The parish has six Grade II and one Grade II* listed buildings. These include the church, two thatched cottages in the village centre, two other cottages and two farm houses.

South Willingham's Anglican parish church is dedicated to St Martin, and is Grade II* listed. The church, built of greenstone, was rebuilt between 1835 and 1838, but the Perpendicular style tower and screen remain. The tower houses a clock and three bells, the largest of which is dated 1612; the clock mechanism was made by J W Benson of Ludgate Hill in London. The clock was repaired and refurbished in 2016, and is still chiming the hours in 2021. In 1964 Pevsner noted a 1571 paten cover by John Morley. The graveyard surrounds the church on three sides and has over 140 marked graves, the earliest of which is dated 1802.

The Belmont transmitting station is sited close to the High Street. At 1,154 ft in height, it is the second tallest structure in the UK and 14th in the European Union. It was constructed in 1965 and broadcasts digital television and both analogue and digital radio to Lincolnshire, eastern Yorkshire, northern parts of Norfolk and some parts of Nottinghamshire.

==Transport==
Roads through the village are minor, with passing places. They run north to Hainton, west to East Barkwith, south to Benniworth and east to Belmont and Donington on Bain. The A157 Lincoln to Louth road passes to the north, outside of the civil parish. A prehistoric trackway, later adopted by the Romans, now the B1225 road, running north–south along the western edge of the Wolds from Caistor to Baumber passes through the eastern half of the parish, and a mile away from the village. It is known as the High Street and marked on modern OS Maps as such. An unmetalled road known as Moors Lane runs east from a junction with Hainton Road on the northern boundary of the village.

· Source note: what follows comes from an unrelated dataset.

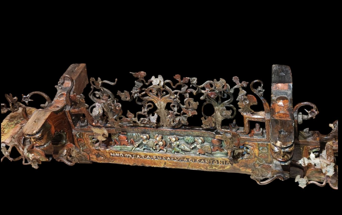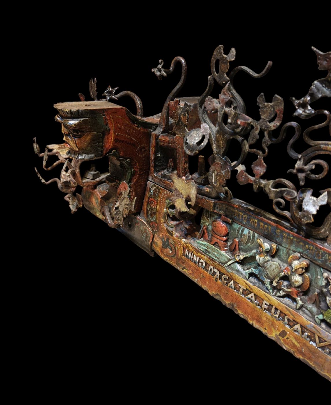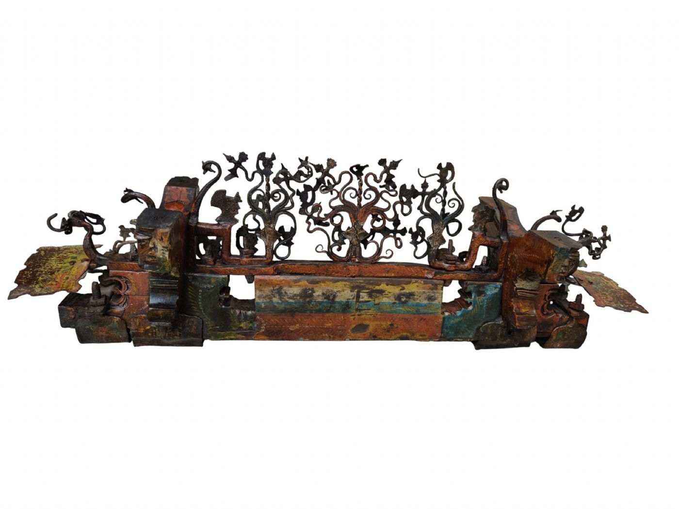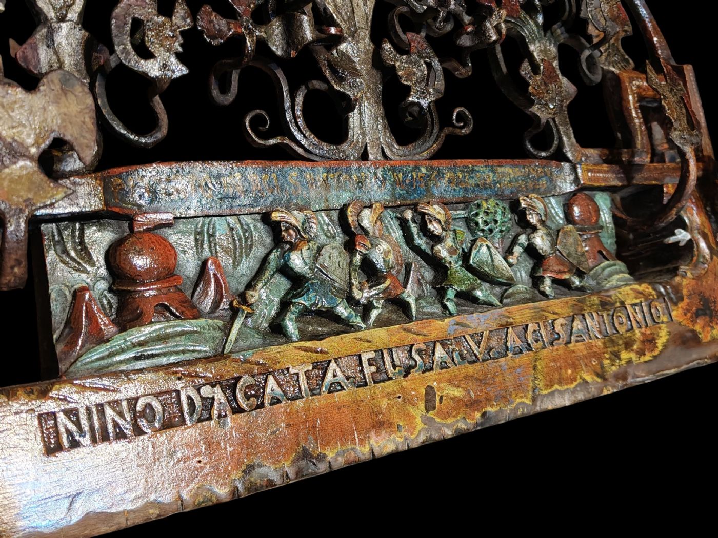 Bel cassafuso di carretto siciliano, realizzato dalla famiglia D'Agata di Aci Sant'Antonio. La famiglia D'Agata è stata la prima conosciuta ad introdurre nel XIX secolo la professione di mastro carrettiere ad Aci Santantonio, ritenuta una delle "capitali" del carretto siciliano. Questo cassafuso (elemento decorativo che collega le 2 ruote posteriori del carro) è di eccellente qualità scultorica e conserva la quasi totalità della policromia originale (molto raro). E' dipinta una data solo parzialmente leggibile (5 maggio sembrerebbe 1931 o 34). Bella la decorazione anche del lato posteriore. Lunghezza 117 cm, profondità 33. Non spedisco,l'oggetto è ingombrante, pesante e delicato. Ritiro a Milano o consegna in zone limitrofe

South Willingham railway station closed in the 1950s. It was on the Great Northern Railway branch line from Bardney to Louth. It is 650 yd south of the village centre on the Benniworth Road. The station included one platform, two sidings and a signal box. The branch was mostly single track and crossed the Benniworth Road on an arched underbridge, now demolished. East of the station (just over the parish boundary in Benniworth) the railway passed under the High Street in a 557 yd long tunnel, known as South Willingham Tunnel. The tunnel is also known as Benniworth Tunnel or High Street Tunnel, however GEOGIS, the British Rail track and structures database calls it South Willingham Tunnel. The tunnel and its approach cuttings are now a SSSI. The station opened in December 1876 and closed in November 1951 to passengers and December 1958 to goods traffic.

There is a bus stop with a timber shelter in the centre of the village at the junction of Station Road and Barkwith Road. It is used by the Stagecoach Lincolnshire number 50 Louth to Lincoln bus service which has 6 buses daily in each direction. It takes about 45 minutes to get to Lincoln, and 24 minutes to get to Louth using this service. Two further demand responsive services are provided for the parish by Lincolnshire InterConnect, with connection to villages between and around Louth, Market Rasen and Wragby.